High Stakes Game: Payment Behavior, Cash Piles and Major Insolvencies


From payment behavior to cash piles to major insolvencies, companies have to face a shifting payment-risk landscape. 


First, payment behaviors continue to be tense: 1 out of 4 companies worldwide are paid after 88 days. In China, for example, Days Sales Outstanding (DSO) has climbed to a nine-year high of 89 days in 2016. Upstream industrial sectors (Aeronautic, Machinery, Chemicals, Construction or Information and Communication Technology) are faced with the recovery curse: they tend to go for broke when growth looms ahead as they jeopardize the financing of their working capital to have a seat at the recovery table. 


Second, non-financial corporations are sitting on a staggering 7 trillion USD of cash on their balance sheets, up 34% compared to 2010 and now representing 10% of global GDP, that is to say twice as much as before the crisis. This precautionary saving pile is either good news (because there is so much to invest) or bad news: there is not much to invest in to get returns. The biggest cash pile now is with Asian companies and the tech industry is now ahead of oil and gas and automotive when it comes to compulsive hoarding. Nobody wants to let the chips fall where they may when it comes to investing shareholders’ money. 

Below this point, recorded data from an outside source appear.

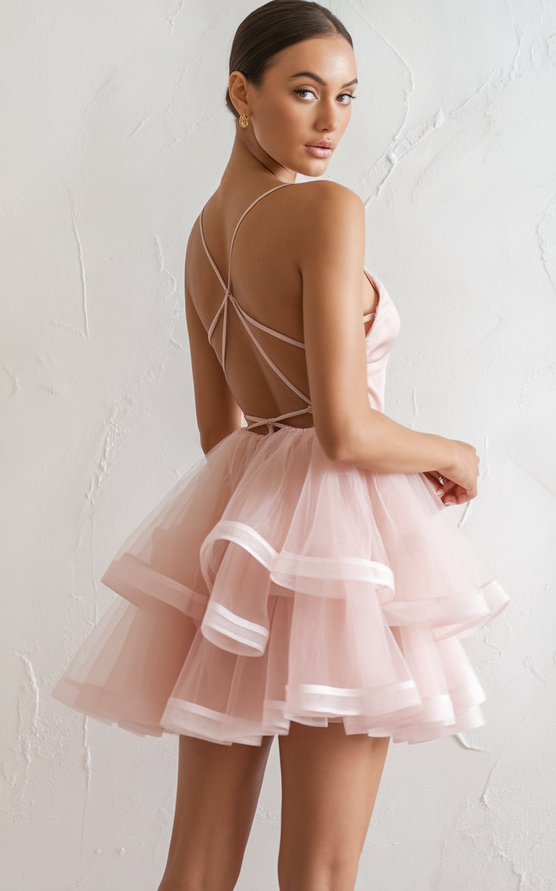 This mini dress design features dramatic layers of blush pink tulle accented with delicate satin trim and thin crossed straps at the back. This gown will be a standout choice for photos and events as its volume and elongated shape provide enough depth. This dress meets the style expectations of 18th or 25th birthday occasions because it delivers both elite class and a cute appearance. Fashionable women’s wear that offers a romantic and girlish outline for body-conscious styles.
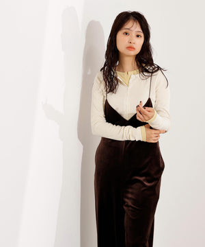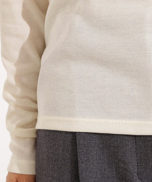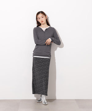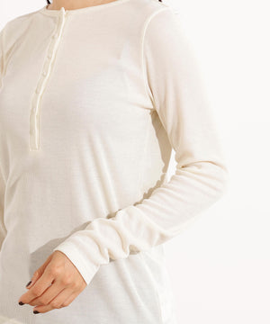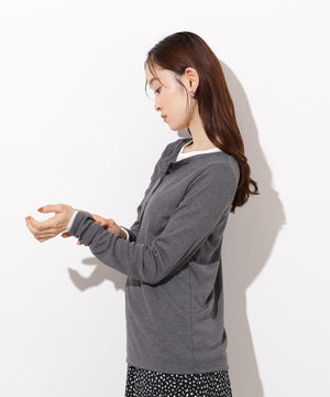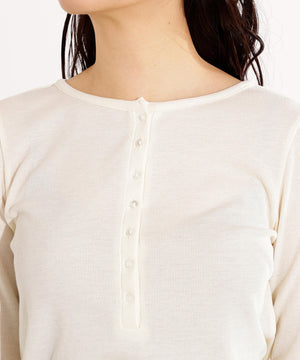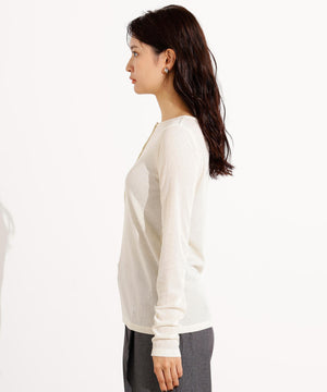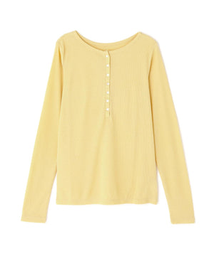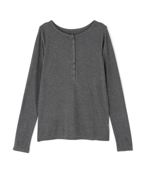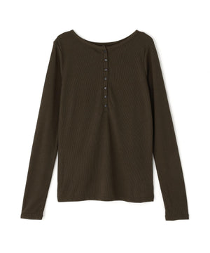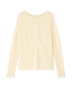 ほんのり透け感のあるリブカットソー素材を使用した、ニュアンスのあるヘンリーネックカットソー。華奢な前立てとボタン、少し大きく開けた胸元など、カジュアルなアイテムを女性らしく仕上げています。色違いで二枚重ねたり、ロンTとのレイヤードスタイルにもおすすめです。
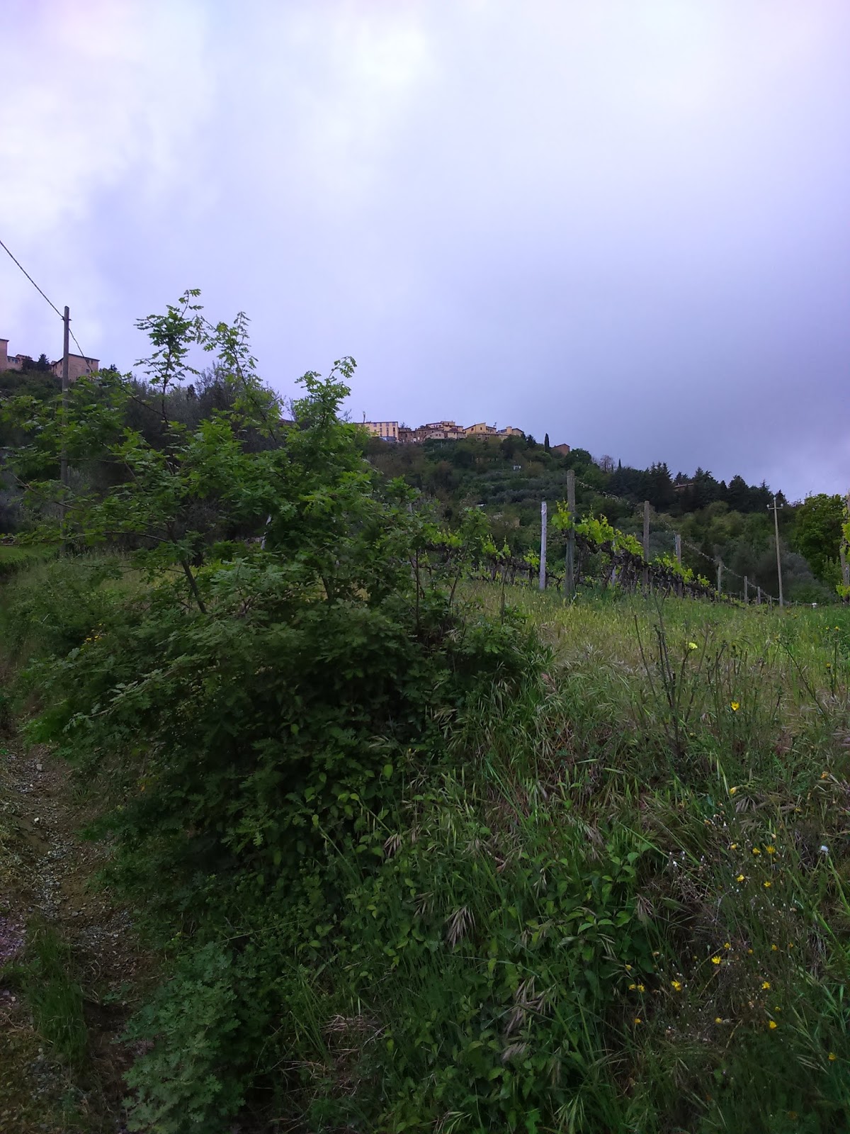 Sateen uhka leijui päällä koko ajan. Vajaan tunnin kävelyn jälkeen alkoikin sataa ja ukkostaa. Buonconventon kylästä löytyi onneksi kiva kahvila, jonne jäätiin odottamaan sään paranemista. Sisään pelmahti myös neljä venäläistä vaeltajaa. Venäläisiin ei yleensä juurikaan törmää vaelluksilla. Varsin kielitaidottomia ja happaman oloisia olivat nämä venäläiset. Johtuiko sitten sateesta vai mistä. Pitkillä vaelluksilla on ihan varmaa, että jossain vaiheessa sataa, mutta siihen on vain mukauduttava. Sade taukosi ja jatkettiin matkaa. Venäläiset tulivat perässä. Kolmella kevyet lenkkarit, yhdellä kävelykengät! Sen verran saimme selville, että olivat tänään kävelemässä vielä Quirico d'Orciaan, jonne oli vielä huomattavasti pidempi matka kuin meillä. Ihmeteltiin vähän, että toivottavasti ehtivät ennen pimeän tuloa, sen verran hitaalta näytti.
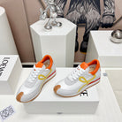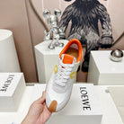 FLOW RUNNER SNEAKER IN PALE GRAY MIX VIVID ORANGE SUEDE AND SHEEPSKIN
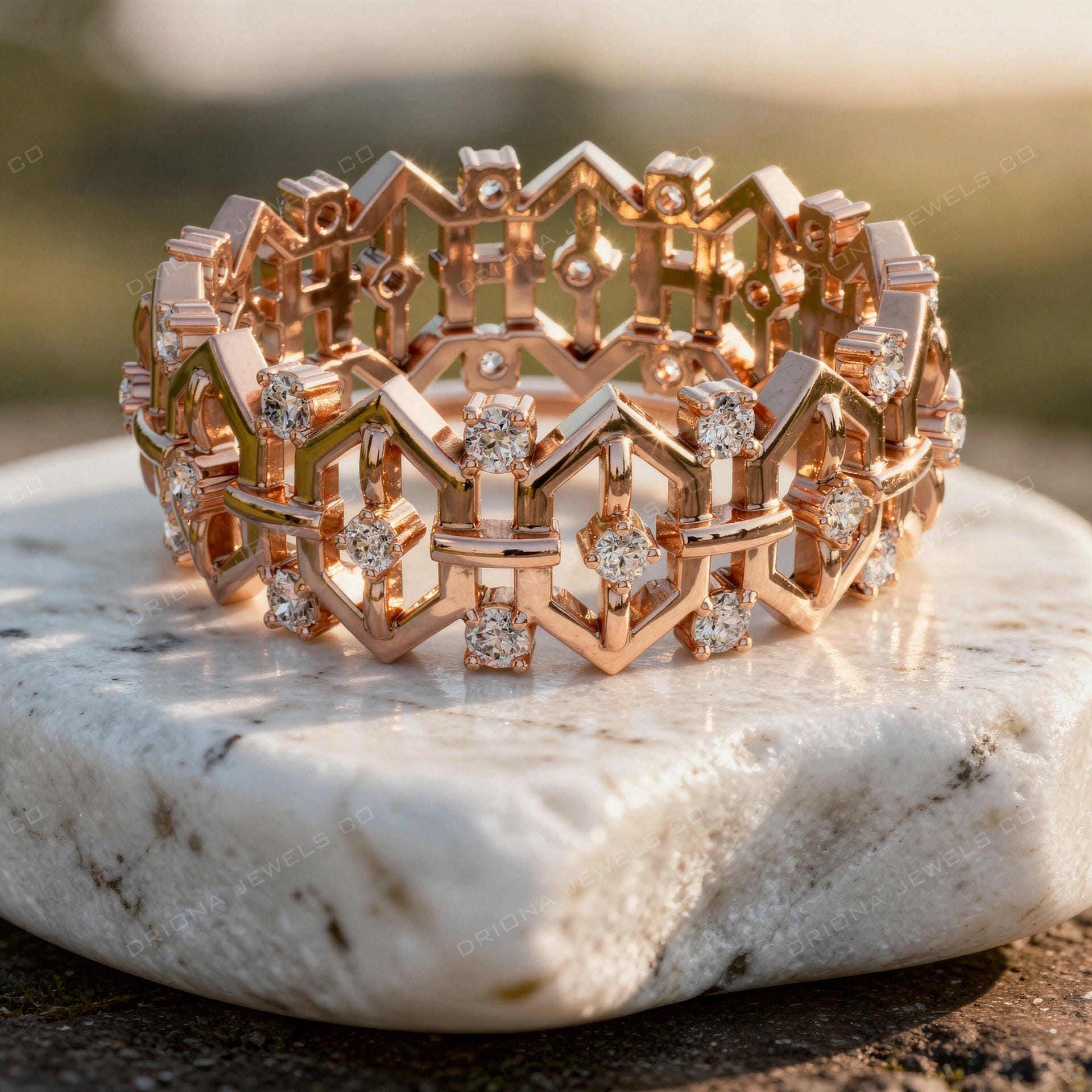 Optimized for Etsy searches such as geometric diamond ring, architectural eternity ring, and statement diamond band.
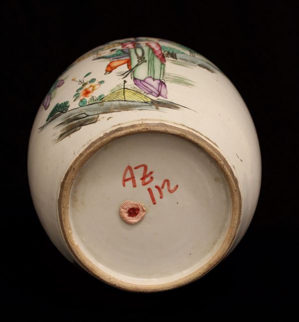 in porcellana dipinta a motivi figurati ed ideogrammi, difetti, alt. cm 30
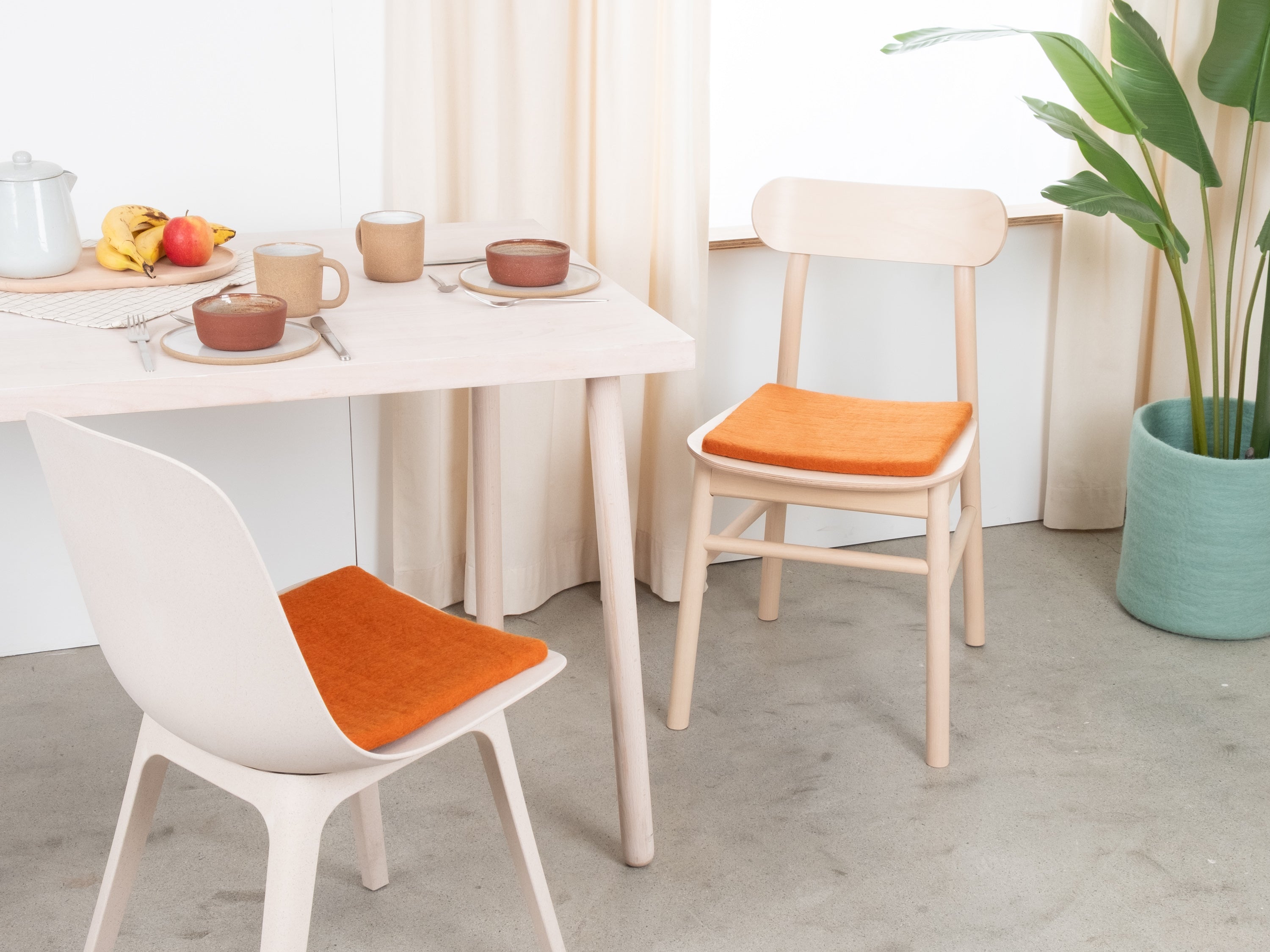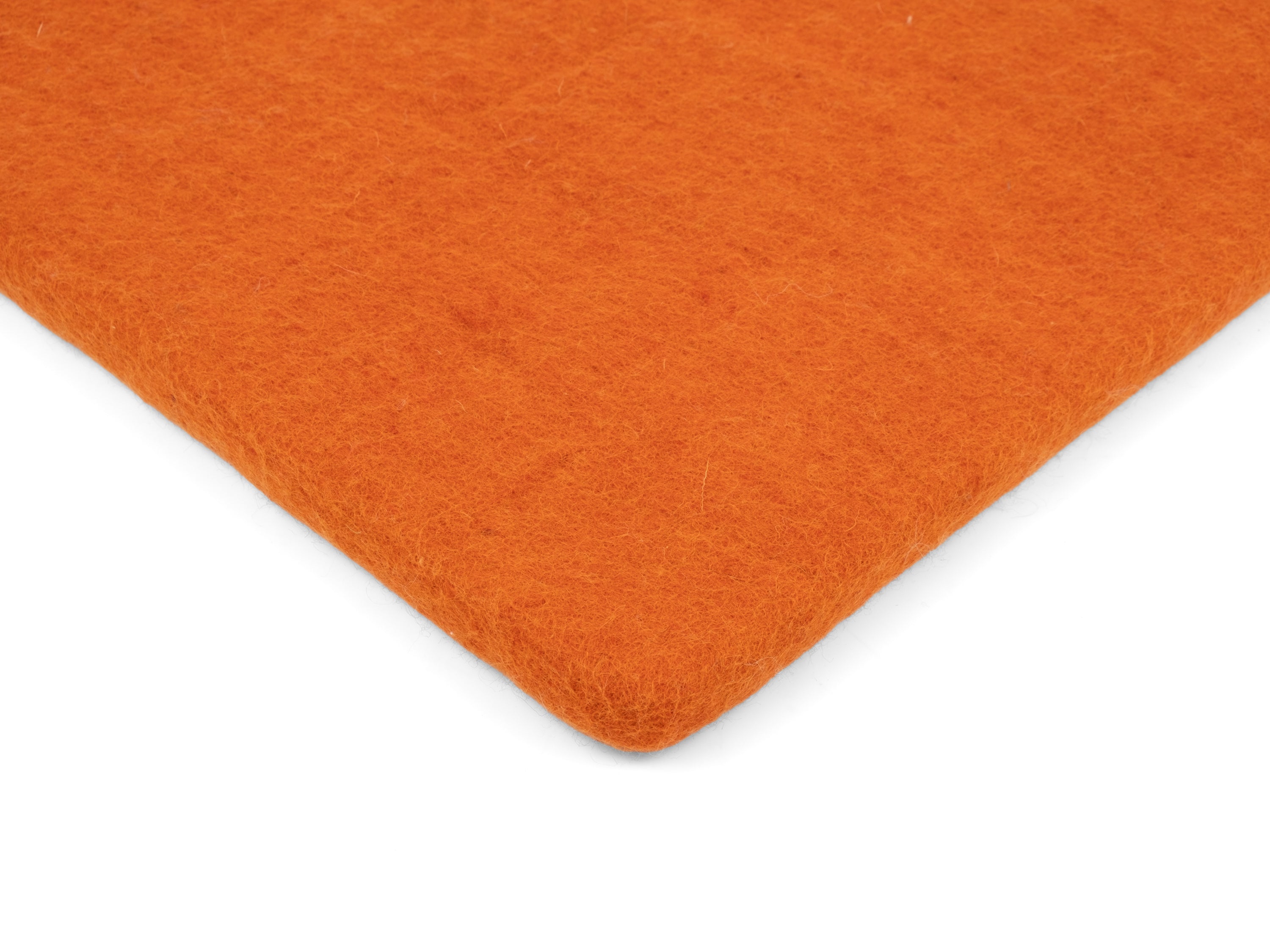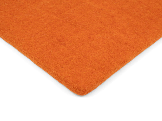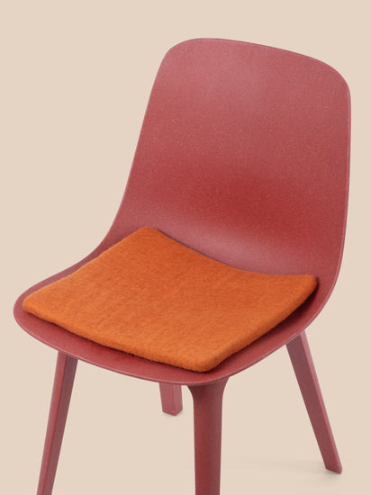 Quadratische, orangefarbene flache Sitzauflage aus reiner Schurwolle.
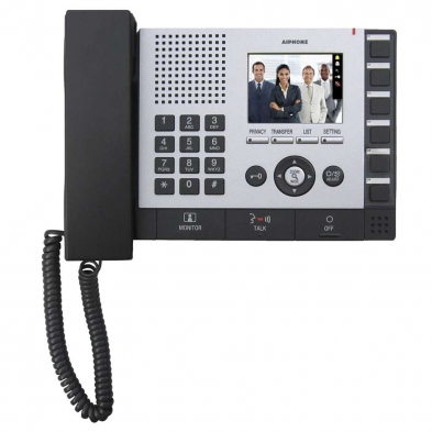 The IS-MV is a video master station with a 3.5 color LCD monitor. It can be wall or desk mounted (desk stand included). The IS-MV offers handset (duplex) and hands-free (VOX/PTT) communication and can page up to 5 zones simultaneously. It connects to the IS-CCU or IS-SCU using CAT-5e/6 cable and is powered by the system.
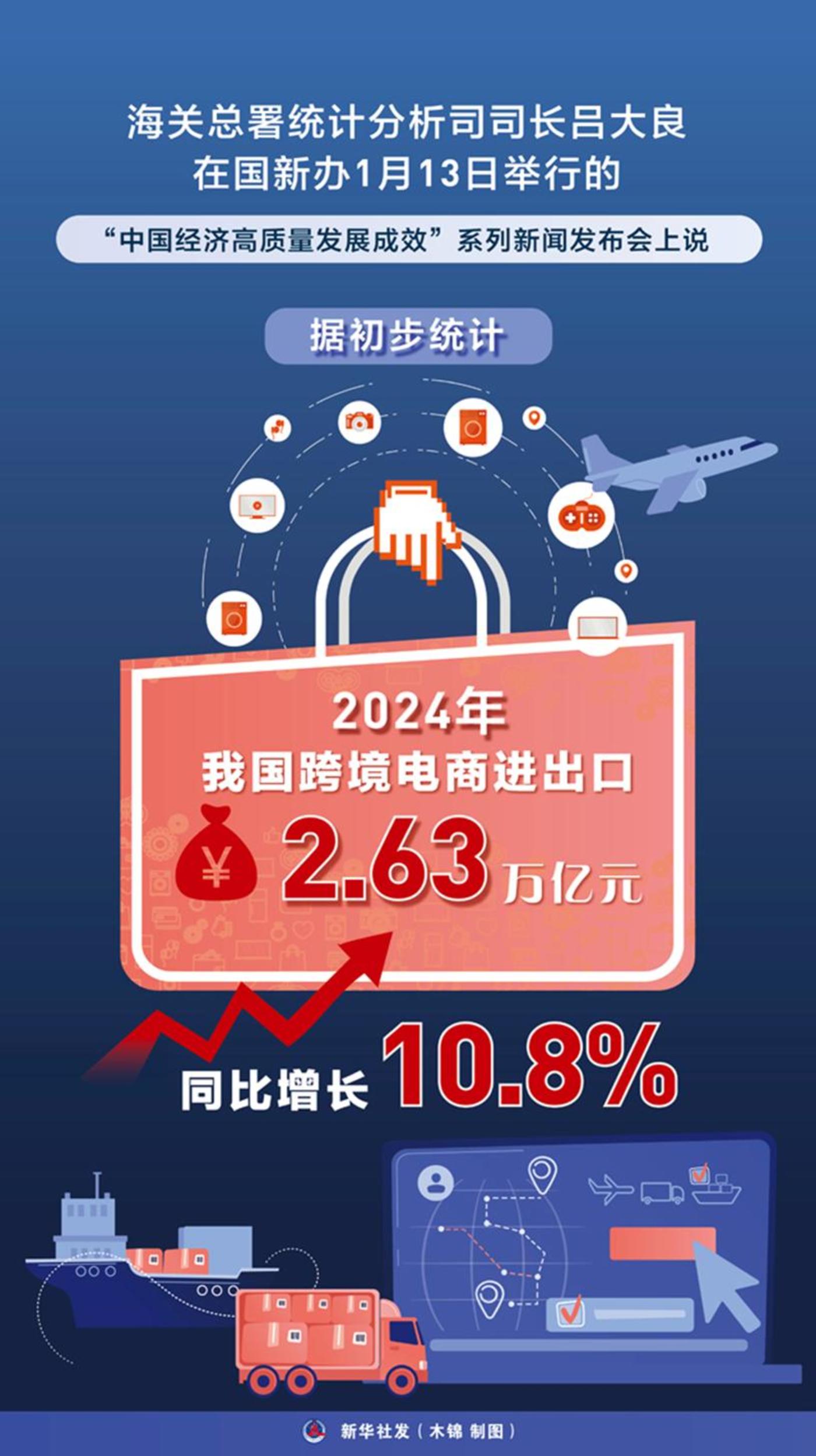 海关总署统计分析司披露的数据显示,2024年,中国跨境电商进出口2.63万亿元,同比增长10.8%。过去五年,中国跨境电商贸易规模增长超10倍。
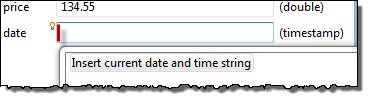 To enter a timestamp value, press Ctrl+Space with the cursor in a timestamp field (illustrated by the red line in the following example). Studio prompts with an autocompletion message as shown below. Select the message and press Enter to fill the field with the current date and time formatted as a timestamp string.
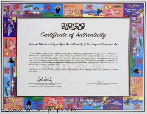 It includes a Certificate of Authenticity from "Cartoon Network" and it's Authenticity is Guaranteed! A perfect gift for fans of the cartoon!
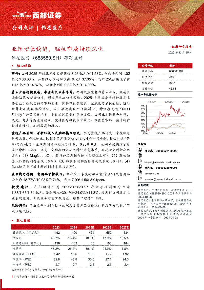 伟思医疗:西部证券-伟思医疗-688580-跟踪点评:业绩增长稳健,脑机布局持续深化-251225
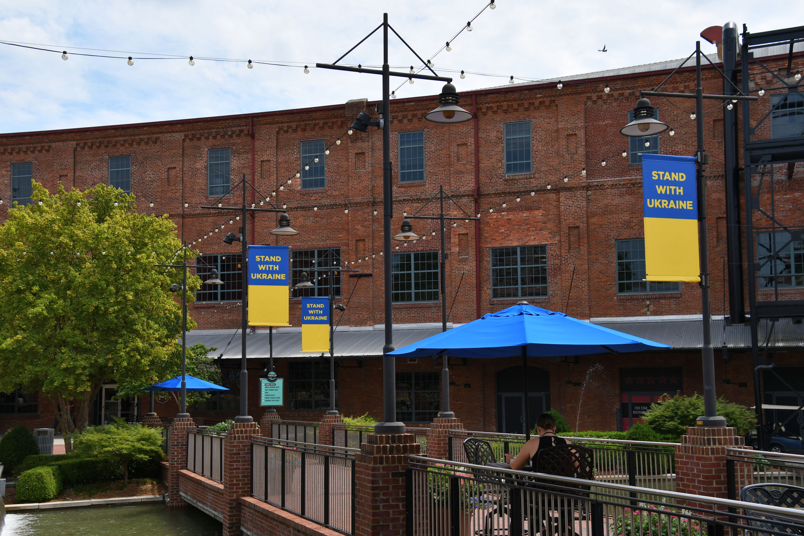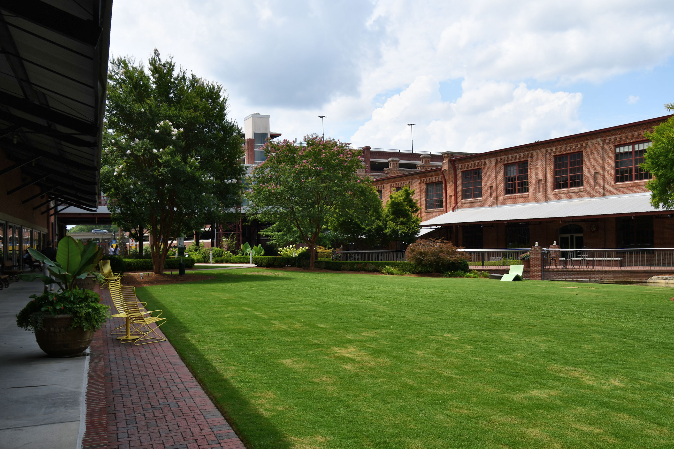 There are multiple entry points, and once you’re on the campus, it’s a long rectangle bound by old manufacturing buildings, with a central courtyard area that is very inviting from end to end. The lawns are beautiful and there are multiple places with seats and trees and umbrellas for shade. There are also a few public art pieces to enjoy.
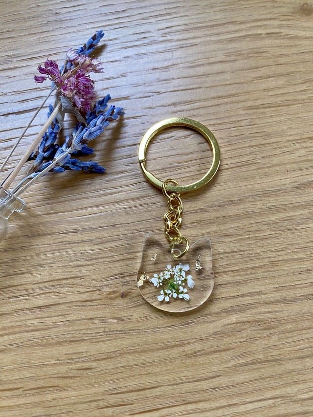 Porte clé chat, incrusté de fleur de carotte sauvage et flocons dorés.
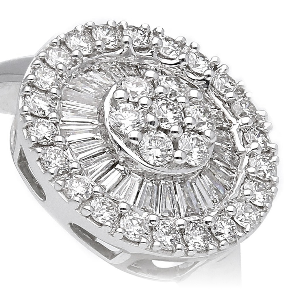 Anello in oro bianco 18K con diamanti taglio brillante e taglio baguette (0,75 ct - G/H - SI)

Last, while the overall number of insolvencies is expected to stabilize over the next two years, major insolvencies (companies exceeding 50 million euros of turnover) went up by 68% and the cost by 34% to 19 billion euros of cumulative turnover disappearing into thin air. The United States is the most affected with 8 of the top 20 failures in the first quarter; and sector wise, services and retail are suffering the most due to rapid digitalization’s impact.